[Entries taken from a collection]
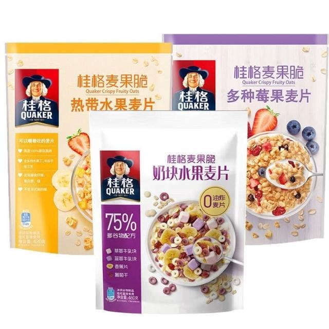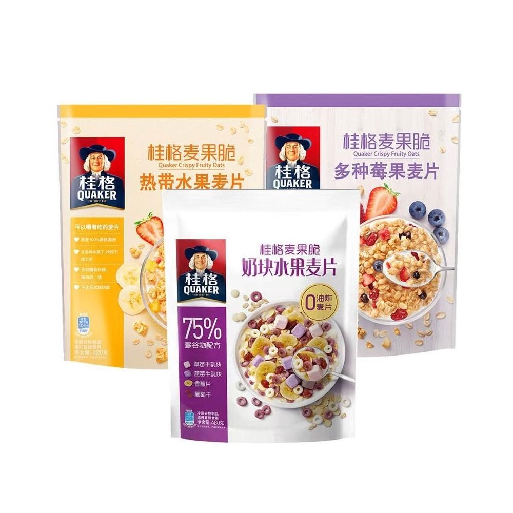 輝輝精選 桂格麥果脆草莓牛乳多種莓果水果穀物卽食烘焙麥片衝飲營養代餐
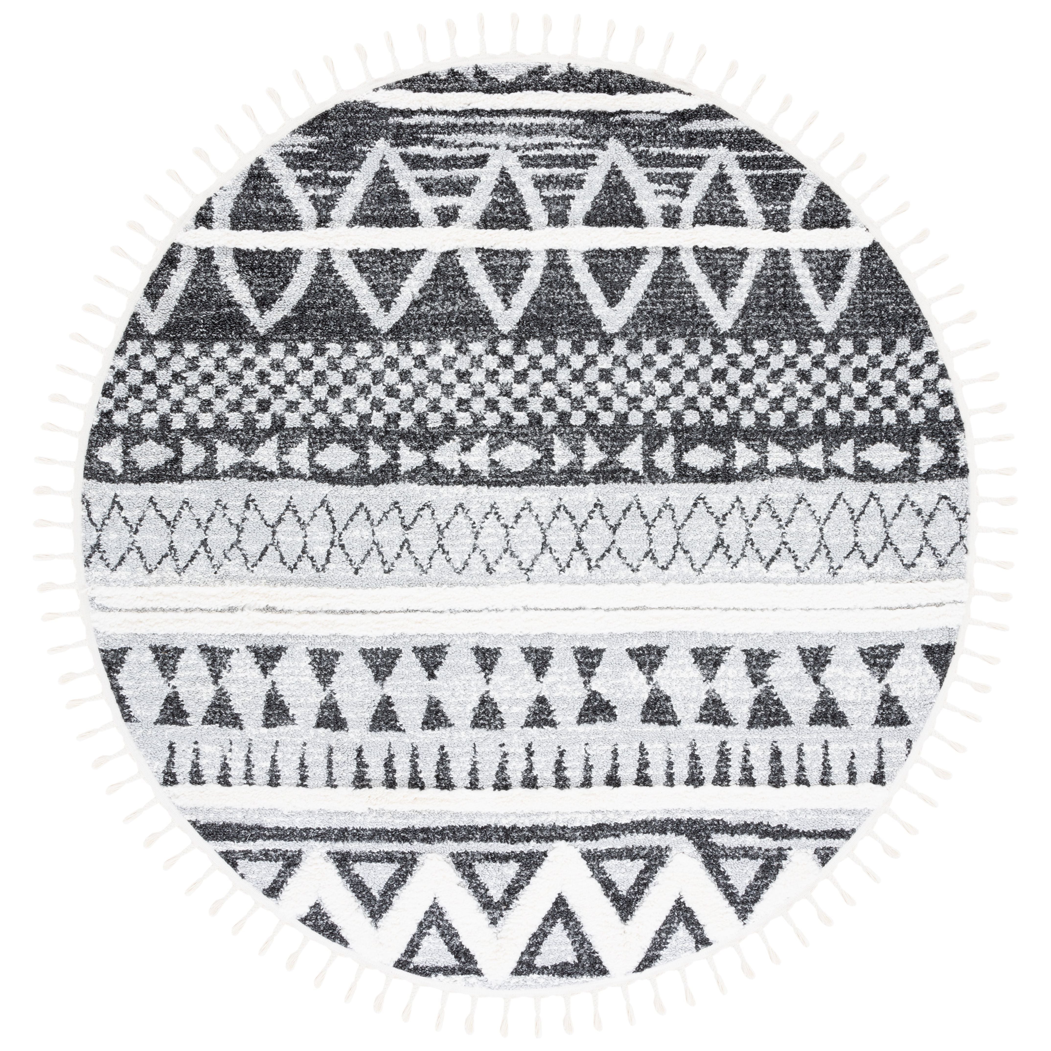 Elevate your living space with the exquisite Moroccan Tassel Shag MTS634F rug from SAFAVIEH. Embrace the allure of Old World charm with its captivating diamond designs and luxurious textures, perfect for adding a touch of rustic-chic elegance to any room. The braided fringe detail lends a whimsical vibe, making it a must-have statement piece. Crafted using high-quality synthetic yarns, these shag rugs promise durability and softness for years to come, with an approximate thickness of 1.54 inches.
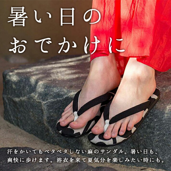 ラッキーシール対応!ポイントや豪華賞品が当たるかも!? ※G.w/お盆休み/年末年始等の長期休暇※あす楽をご指定いただいても高速道路等交通渋滞の影響、および旅客手荷物の増加等による航空機への貨物搭載制限により、お届けに最大1日程度の遅れが生じることがあります。お客様には、大変ご迷惑をお掛けいたしますが、ご理解を賜りますようお願い申し上げます。 ご確認くださいサイズ ■Mサイズ つま先からかかとまで:約24cm先坪(花緒の付け根)からかかとまで:約20cm幅:約8cmつま先の高さ:約1.5cmかかとの高さ:約2.5cm ■Lサイズ つま先からかかとまで:約25cm先坪(花緒の付け根)からかかとまで:約20.5cm幅:約8cmつま先の高さ:約1.5cmかかとの高さ:約2.5cm ※草履はかかとが台から1、2cm出るくらいが丁度よいサイズとされています 注意 ●できる限り実際の商品の色に近づけてはいますが、お使いのブラウザの環境により多少異なることがございます。商品詳細 さらっと涼しく、軽やか。麻の雪駄サンダル ●夏のおでかけにちょうどいい♪麻の雪駄サンダル ●汗をかいてもベタつかないので、暑い日も爽快に歩けます。 ●浴衣にも、自然に合わせられます。 ●足の指をしっかり使って歩けるため、普段のヒール通勤等で疲れた足をリラックスさせるのにも◎ ●片足約155g(Mサイズ)と軽量! ●足を載せる部分は、さらりと素肌に心地良い「麻」 ●足が痛くなりにくい!やさしい位置と素材の「花緒」 ●個性的でたのしい色柄!No.1「ベージュ×レッド/渦・波紋 模様」No.2「グリーン×イエロー/木の葉模様」No.3「イエロー×パープル/きび模様(花緒:阿波しじら織)」 ●和装履物の一大産地である奈良の「大和工房」にて職人がひとつひとつ手作業で作りました。 サイズ ■M つま先からかかとまで:約24cm先坪(花緒の付け根)からかかとまで:約20cm幅:約8cmかかとの高さ:約2.5cm ■L つま先からかかとまで:約25cm先坪(花緒の付け根)からかかとまで:約20.5cm幅:約8cmかかとの高さ:約2.5cm 素材 天板:太麻底:合成ゴム(黒) 花緒:No.1「渦」麻No.2「木の実」麻No.3「きび」綿 ご確認ください ●天然素材のため、麻そのものの色に一部ムラが出ている場合がございます。“風合い”として捉えていただけますと幸いです。 ●閲覧環境により画像とは若干色味が異なる可能性がございます。予めご了承くださいませ。 クレジットカード決済の他に、コンビニ前払い・後払い決済・代金引換(宅配便のみ)ご利用いただけます!
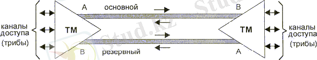 Соединение узлов А и В с помощью терминальных мультиплексоров ТМ является наиболее простым примером организации сети SDH. Основной и резервный (электрические или оптические) агрегатные выходы формируют систему резервирования типа 1+1. При отказе основного канала сеть автоматически переходит на резервный канал.
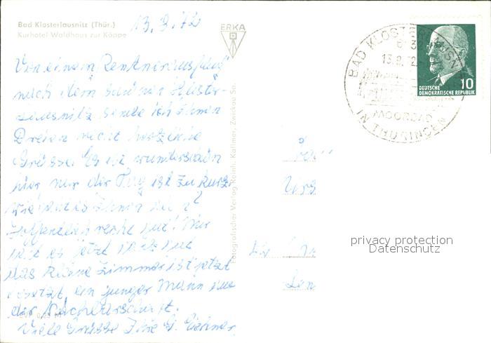 72467730 alte Postkarte Bad Klosterlausnitz Kurhotel Waldhaus zur Koeppe postalisch gelaufen Erhaltung siehe scans KatCode: 11110016074003
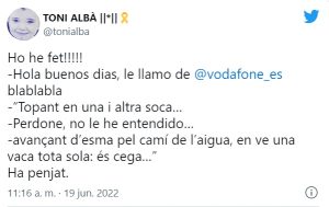 Albà, ha llevado a cabo un mayúsculo ridículo, que además ha transmitido en su cuenta de Twitter, con una compañía telefónica por el uso del castellano. Ante una llamada de Vodafone, el ‘humorista’ ha respondido con un poema de ‘La vaca cega’ escrito en catalán por Joan Maragall en el año 1893.

- [WORK REQUEST] All of the entries, apart from the pictures, must be returned exactly.

- [COMPLETED TASK]
 輝輝精選 桂格麥果脆草莓牛乳多種莓果水果穀物卽食烘焙麥片衝飲營養代餐
 Elevate your living space with the exquisite Moroccan Tassel Shag MTS634F rug from SAFAVIEH. Embrace the allure of Old World charm with its captivating diamond designs and luxurious textures, perfect for adding a touch of rustic-chic elegance to any room. The braided fringe detail lends a whimsical vibe, making it a must-have statement piece. Crafted using high-quality synthetic yarns, these shag rugs promise durability and softness for years to come, with an approximate thickness of 1.54 inches.
 ラッキーシール対応!ポイントや豪華賞品が当たるかも!? ※G.w/お盆休み/年末年始等の長期休暇※あす楽をご指定いただいても高速道路等交通渋滞の影響、および旅客手荷物の増加等による航空機への貨物搭載制限により、お届けに最大1日程度の遅れが生じることがあります。お客様には、大変ご迷惑をお掛けいたしますが、ご理解を賜りますようお願い申し上げます。 ご確認くださいサイズ ■Mサイズ つま先からかかとまで:約24cm先坪(花緒の付け根)からかかとまで:約20cm幅:約8cmつま先の高さ:約1.5cmかかとの高さ:約2.5cm ■Lサイズ つま先からかかとまで:約25cm先坪(花緒の付け根)からかかとまで:約20.5cm幅:約8cmつま先の高さ:約1.5cmかかとの高さ:約2.5cm ※草履はかかとが台から1、2cm出るくらいが丁度よいサイズとされています 注意 ●できる限り実際の商品の色に近づけてはいますが、お使いのブラウザの環境により多少異なることがございます。商品詳細 さらっと涼しく、軽やか。麻の雪駄サンダル ●夏のおでかけにちょうどいい♪麻の雪駄サンダル ●汗をかいてもベタつかないので、暑い日も爽快に歩けます。 ●浴衣にも、自然に合わせられます。 ●足の指をしっかり使って歩けるため、普段のヒール通勤等で疲れた足をリラックスさせるのにも◎ ●片足約155g(Mサイズ)と軽量! ●足を載せる部分は、さらりと素肌に心地良い「麻」 ●足が痛くなりにくい!やさしい位置と素材の「花緒」 ●個性的でたのしい色柄!No.1「ベージュ×レッド/渦・波紋 模様」No.2「グリーン×イエロー/木の葉模様」No.3「イエロー×パープル/きび模様(花緒:阿波しじら織)」 ●和装履物の一大産地である奈良の「大和工房」にて職人がひとつひとつ手作業で作りました。 サイズ ■M つま先からかかとまで:約24cm先坪(花緒の付け根)からかかとまで:約20cm幅:約8cmかかとの高さ:約2.5cm ■L つま先からかかとまで:約25cm先坪(花緒の付け根)からかかとまで:約20.5cm幅:約8cmかかとの高さ:約2.5cm 素材 天板:太麻底:合成ゴム(黒) 花緒:No.1「渦」麻No.2「木の実」麻No.3「きび」綿 ご確認ください ●天然素材のため、麻そのものの色に一部ムラが出ている場合がございます。“風合い”として捉えていただけますと幸いです。 ●閲覧環境により画像とは若干色味が異なる可能性がございます。予めご了承くださいませ。 クレジットカード決済の他に、コンビニ前払い・後払い決済・代金引換(宅配便のみ)ご利用いただけます!
 Соединение узлов А и В с помощью терминальных мультиплексоров ТМ является наиболее простым примером организации сети SDH. Основной и резервный (электрические или оптические) агрегатные выходы формируют систему резервирования типа 1+1. При отказе основного канала сеть автоматически переходит на резервный канал.
 72467730 alte Postkarte Bad Klosterlausnitz Kurhotel Waldhaus zur Koeppe postalisch gelaufen Erhaltung siehe scans KatCode: 11110016074003
 Albà, ha llevado a cabo un mayúsculo ridículo, que además ha transmitido en su cuenta de Twitter, con una compañía telefónica por el uso del castellano. Ante una llamada de Vodafone, el ‘humorista’ ha respondido con un poema de ‘La vaca cega’ escrito en catalán por Joan Maragall en el año 1893.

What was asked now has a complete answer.